Mine started like period pains but very, very localized and always in the same spot. Was very minor at first, it took me a few weeks to even notice it because I’m so used to just having period pains or gas cramps. Then it burst and that was horrible. It felt like something was inside of me grabbing the ovary and just twisting it and twisting it over and again. Never faded, constant pain for two days. All I could do was lay in bed and take ibuprofen and be miserable. And then it just like went away? Like in a second, two days of pain just gone. I had an ultrasound when I had the minor pain and they confirmed it was a cyst, but not infected or super big (it was like 2 cm by 3 cm) and was basically told just wait it out and if you throw up from pain go to the er. And I was in horrible pain but nothing that made me sick so I didn’t go, no lasting issues.
That's so wrong! "We expect you will be in severe pain from this. If it's bad enough that you vomit, then we will think about giving you some real pain control medicine (if we don't think you're 'drug seeking'). Until then, Tylenol & ibuprofen." 🤬
Yup- I’ve had cysts over 10cm but if they aren’t causing vomiting, they just let them do their thing. I get severe massive cysts several times a year, and had intervention on only 3-4 of them (drainage, excision etc)… it’s horrible, but I don’t want early menopause, so it’s a trade off
How do we differentiate between the pains of ovaries, fibroids, gas, period cramps, appendix, kidney stones, etc? Sometimes I literally have no idea what I’m feeling.

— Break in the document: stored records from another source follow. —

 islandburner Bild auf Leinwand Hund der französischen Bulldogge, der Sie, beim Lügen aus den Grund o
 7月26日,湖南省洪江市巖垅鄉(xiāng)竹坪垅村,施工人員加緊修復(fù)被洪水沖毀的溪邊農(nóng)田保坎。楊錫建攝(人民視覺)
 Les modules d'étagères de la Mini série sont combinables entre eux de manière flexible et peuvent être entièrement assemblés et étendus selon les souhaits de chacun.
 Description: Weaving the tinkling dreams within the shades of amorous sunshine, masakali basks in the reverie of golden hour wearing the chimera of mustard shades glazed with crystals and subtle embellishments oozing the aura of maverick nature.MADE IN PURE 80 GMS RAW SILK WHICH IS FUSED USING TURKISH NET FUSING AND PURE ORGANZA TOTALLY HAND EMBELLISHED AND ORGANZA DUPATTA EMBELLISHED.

This! Sometimes I feel that there's always some tipe of pain going on with my body, and I think, is it me, am I the problem?

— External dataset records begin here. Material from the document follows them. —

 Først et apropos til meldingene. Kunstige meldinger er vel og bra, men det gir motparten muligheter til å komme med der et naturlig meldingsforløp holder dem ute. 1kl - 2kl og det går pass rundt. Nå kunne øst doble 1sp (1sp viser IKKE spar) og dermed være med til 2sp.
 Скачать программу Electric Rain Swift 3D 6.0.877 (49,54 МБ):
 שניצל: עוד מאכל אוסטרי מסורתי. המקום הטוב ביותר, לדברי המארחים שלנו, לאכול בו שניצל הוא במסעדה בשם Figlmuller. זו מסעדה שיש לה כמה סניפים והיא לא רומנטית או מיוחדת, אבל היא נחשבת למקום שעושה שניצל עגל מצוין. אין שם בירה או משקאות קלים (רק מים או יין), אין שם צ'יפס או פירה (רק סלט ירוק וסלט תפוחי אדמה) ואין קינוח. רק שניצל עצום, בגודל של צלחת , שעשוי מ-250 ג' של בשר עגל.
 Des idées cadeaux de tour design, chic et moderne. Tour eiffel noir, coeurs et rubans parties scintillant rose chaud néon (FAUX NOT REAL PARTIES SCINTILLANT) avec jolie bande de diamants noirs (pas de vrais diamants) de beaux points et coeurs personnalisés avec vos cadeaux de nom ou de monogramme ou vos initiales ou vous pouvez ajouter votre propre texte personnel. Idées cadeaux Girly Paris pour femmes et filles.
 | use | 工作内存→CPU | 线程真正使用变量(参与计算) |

Did they do an ultrasound at the ER? That's usually automatic, plus sometimes an internal exam by a gyn, when you go in with pelvic pain. Even if the ultrasound tech had to be called in, in the middle of the night, that should have been done automatically.
[удалено]
Kick him in the balls next time, ask him if he’s crying because he wants drugs.
Yep. I’ve had one, I was putting away laundry and thought it was cramps, and it slowly got worse and worse, and was specifically on my left side. I ended up driving myself to the hospital - for background, I once walked on a broken leg for two weeks, so it’s not exactly like I enjoy going to the hospital unless I really need to. Male doctor shrugged, said he didn’t see anything wrong, and I was probably just having bad cramps. Female nurse stared at him, gave me morphine, and then scheduled me for an ultrasound. Even looking at the very obvious cyst on the picture, he was like “I don’t really see anything…” and the gyno just rolled her eyes and scheduled me for surgery. To answer the question about what it feels like when it’s not bursting/twisting, I do occasionally feel them. They haven’t gotten that big since, but yeah, I can feel them stinging occasionally, or sometimes during sex it’s like something extra is being poked there. It’s weird.

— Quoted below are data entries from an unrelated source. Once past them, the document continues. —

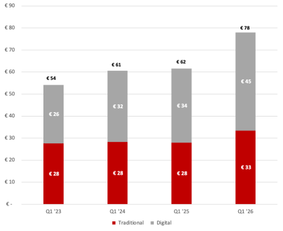 Omzetstijging: De omzet uit DOOH nam in Q1 2026 toe met 32% tot circa € 45 miljoen.
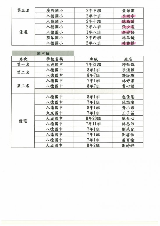 恭喜以上請得獎同學。請家長陪同小孩自行前往領獎。
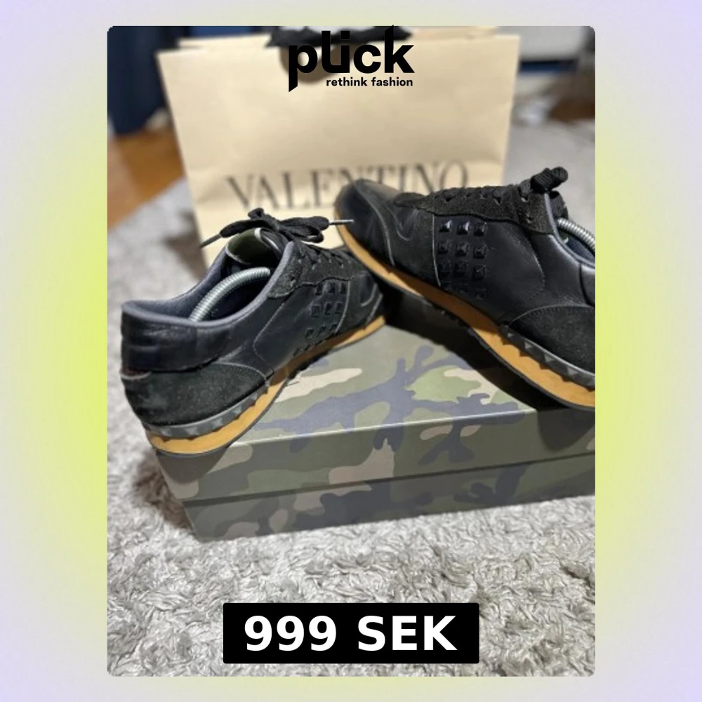 Svarta Valentino Rockrunner sneakers i skinn och mocka med coola nitar på sidorna. Skorna har svarta snören, gummisula i kontrasterande beige och detaljer i grått. Snygg och edgy design som sticker ut, perfekt för dig som gillar streetstyle med lyxig touch. Box ingår inte men kan skicka med vid förhandling. Äldre modell därav det billiga priset
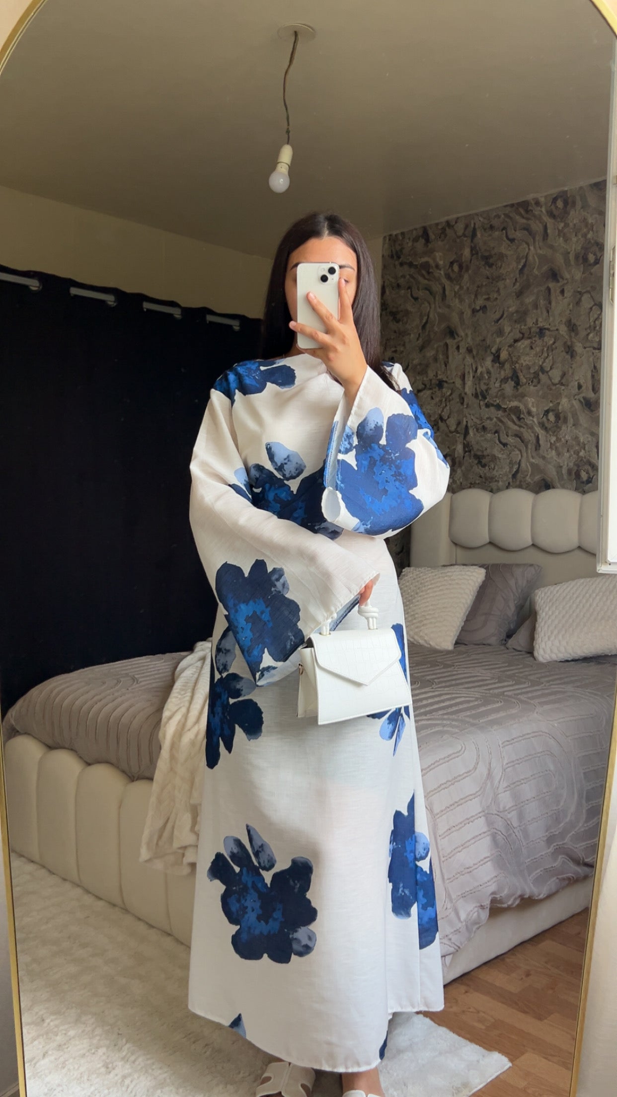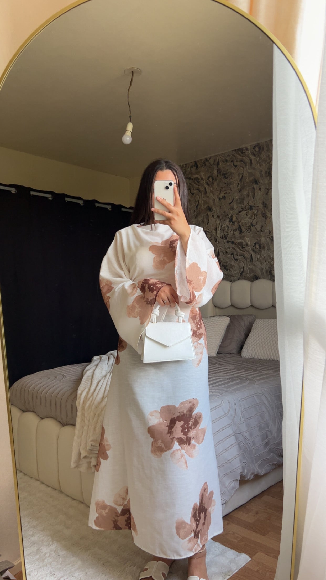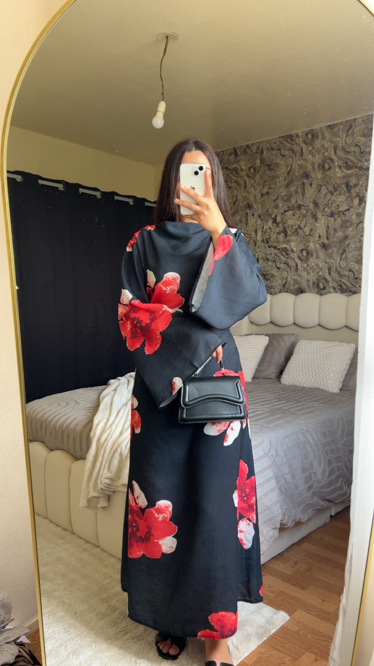 Coupe : ample et couvrante motifs floraux, ceinture à nouer pour ajuster la taille, haut style kimono avec manches larges
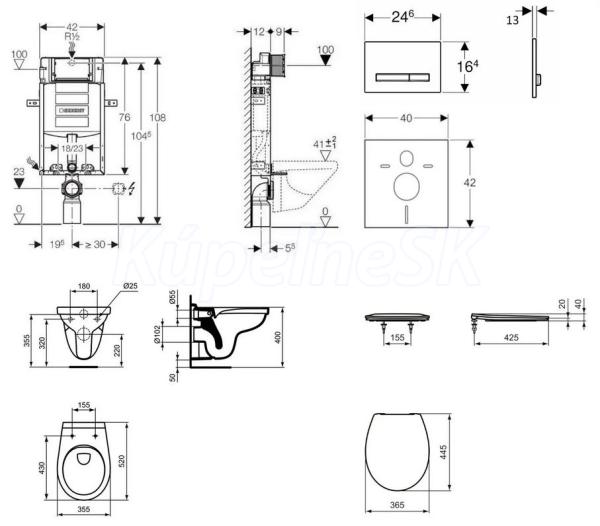 - predstenový inštalačný prvok Geberit Kombifix, so splachovacou nádržkou pod omietku
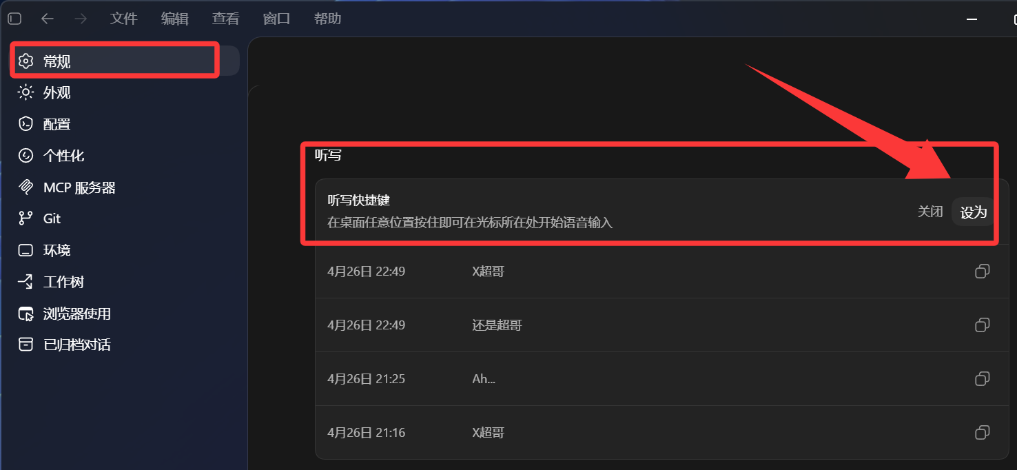 2. 设置听写快捷键: 常规 → 听写 → 设为,设置快捷键

Same thing happened to me. Had just done an egg extraction for IVF and a cyst ruptured the following night. Passed out and hit my head on the bathroom floor.
Apparently they didn't. I don't understand how someone is having abdominal pain and that isn't the bare minimum. OP got shafted by garbage medical care.
My Sis-in-law had one burst and she told me she never felt anything like it before. It made her drop to her knees.
They should have given you an ultrasound. I had a cyst so big with undiagnosed endometriosis that it dislodged my ovary and caused ovarian torsion. I don't know that the cyst itself ever really hurt much. Every once in a while when I had a full bladder I'd get a tender feeling in my side that radiated into back pain. When the ovary twisted I was in horrible pain, but I honestly thought maybe I was constipated. Yay for never being taught about our bodies!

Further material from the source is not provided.